**TRY IT:**
Please return exactly the lines below that run from the line with "(通讯员 刘筱蔓)近日,第十" through the end of the listing, both included, but not the pictures.

**DATA PROVIDED:**
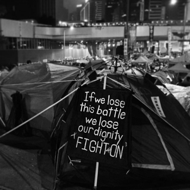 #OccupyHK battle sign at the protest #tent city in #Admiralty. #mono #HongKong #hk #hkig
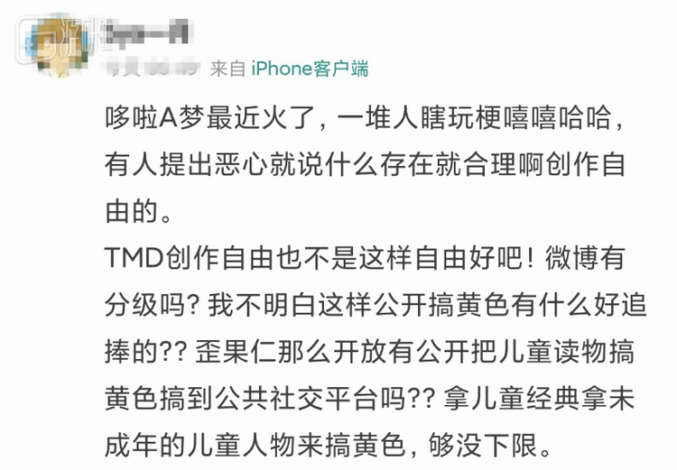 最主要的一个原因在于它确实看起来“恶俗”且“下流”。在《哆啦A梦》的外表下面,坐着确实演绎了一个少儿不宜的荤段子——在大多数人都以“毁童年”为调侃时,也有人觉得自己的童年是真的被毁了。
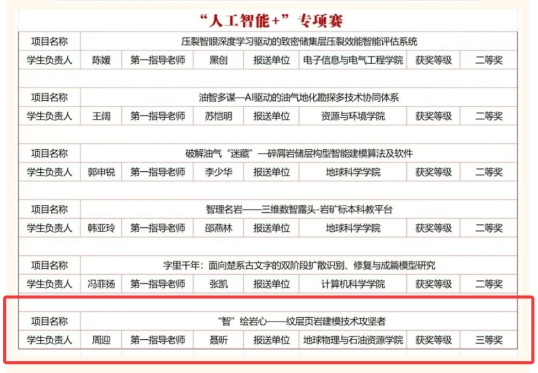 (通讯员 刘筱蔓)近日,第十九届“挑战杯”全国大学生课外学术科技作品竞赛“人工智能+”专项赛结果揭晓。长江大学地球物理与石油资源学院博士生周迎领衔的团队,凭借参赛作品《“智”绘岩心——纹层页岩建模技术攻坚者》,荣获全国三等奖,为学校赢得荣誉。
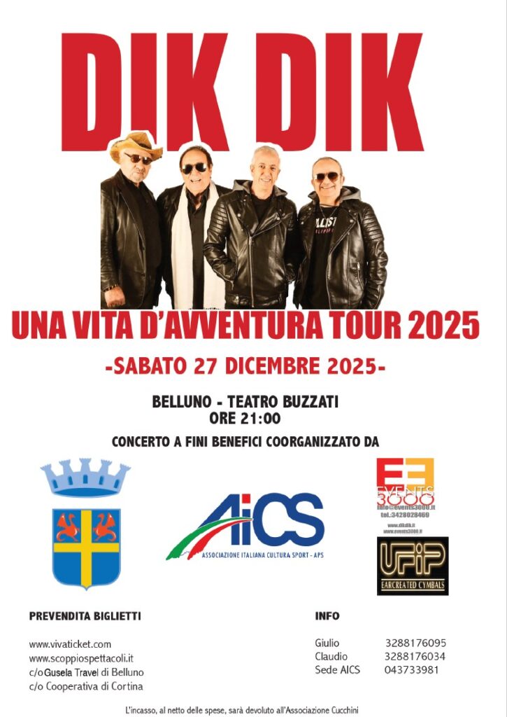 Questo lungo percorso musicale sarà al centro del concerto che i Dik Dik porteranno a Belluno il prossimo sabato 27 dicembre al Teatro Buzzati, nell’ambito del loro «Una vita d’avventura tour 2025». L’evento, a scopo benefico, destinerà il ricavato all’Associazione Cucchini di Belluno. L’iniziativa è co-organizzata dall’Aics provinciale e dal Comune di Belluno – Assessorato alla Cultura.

**WRITTEN RESPONSE:**
 (通讯员 刘筱蔓)近日,第十九届“挑战杯”全国大学生课外学术科技作品竞赛“人工智能+”专项赛结果揭晓。长江大学地球物理与石油资源学院博士生周迎领衔的团队,凭借参赛作品《“智”绘岩心——纹层页岩建模技术攻坚者》,荣获全国三等奖,为学校赢得荣誉。
 Questo lungo percorso musicale sarà al centro del concerto che i Dik Dik porteranno a Belluno il prossimo sabato 27 dicembre al Teatro Buzzati, nell’ambito del loro «Una vita d’avventura tour 2025». L’evento, a scopo benefico, destinerà il ricavato all’Associazione Cucchini di Belluno. L’iniziativa è co-organizzata dall’Aics provinciale e dal Comune di Belluno – Assessorato alla Cultura.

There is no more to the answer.